_DATASET EXCERPT_:

○ ○ ○ ○ ○ ○ ○

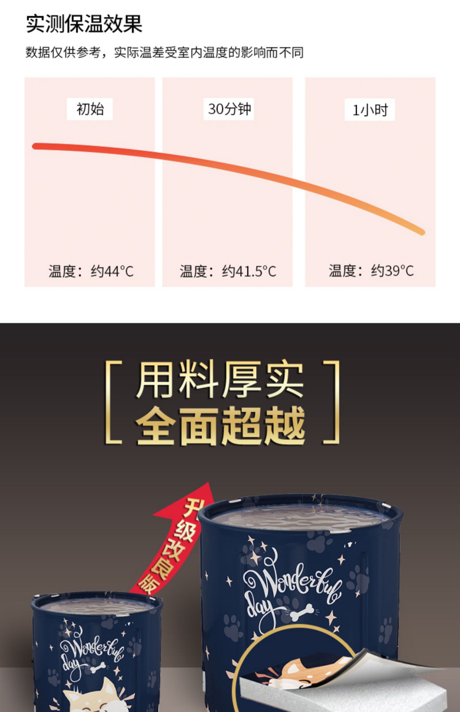 加厚折叠浴桶,组装更轻松,材质柔韧性好,加厚夹棉持久保温便捷泡澡舒适,放松身心舒适沐浴,丢掉压力,享受生活乐趣,适合全家年轻老小。
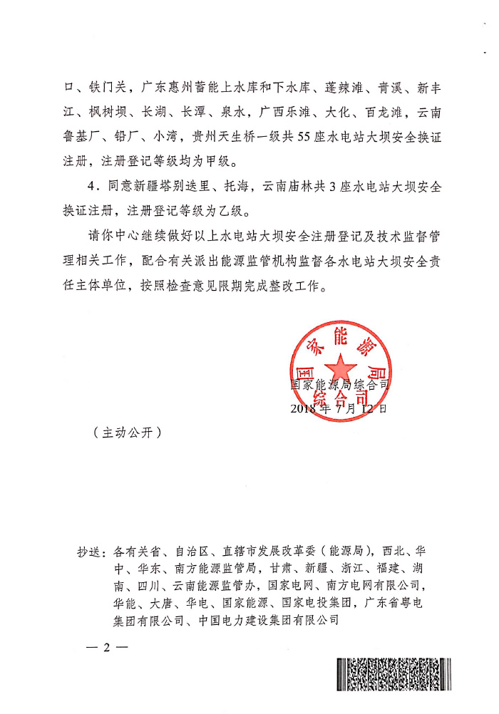 近日,能源局综合司发布关于同意仙居上库坝等67座水电站大坝安全注册登记的复函,原文如下:
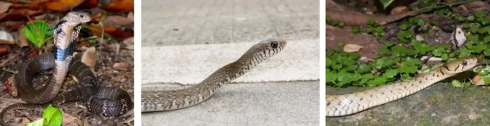 舟山眼镜蛇(左,有毒)滑鼠蛇(中)、黄斑渔游蛇(右)

○ ○ ○ ○ ○ ○ ○

Output the listing above exactly, pictures omitted.

 加厚折叠浴桶,组装更轻松,材质柔韧性好,加厚夹棉持久保温便捷泡澡舒适,放松身心舒适沐浴,丢掉压力,享受生活乐趣,适合全家年轻老小。
 近日,能源局综合司发布关于同意仙居上库坝等67座水电站大坝安全注册登记的复函,原文如下:
 舟山眼镜蛇(左,有毒)滑鼠蛇(中)、黄斑渔游蛇(右)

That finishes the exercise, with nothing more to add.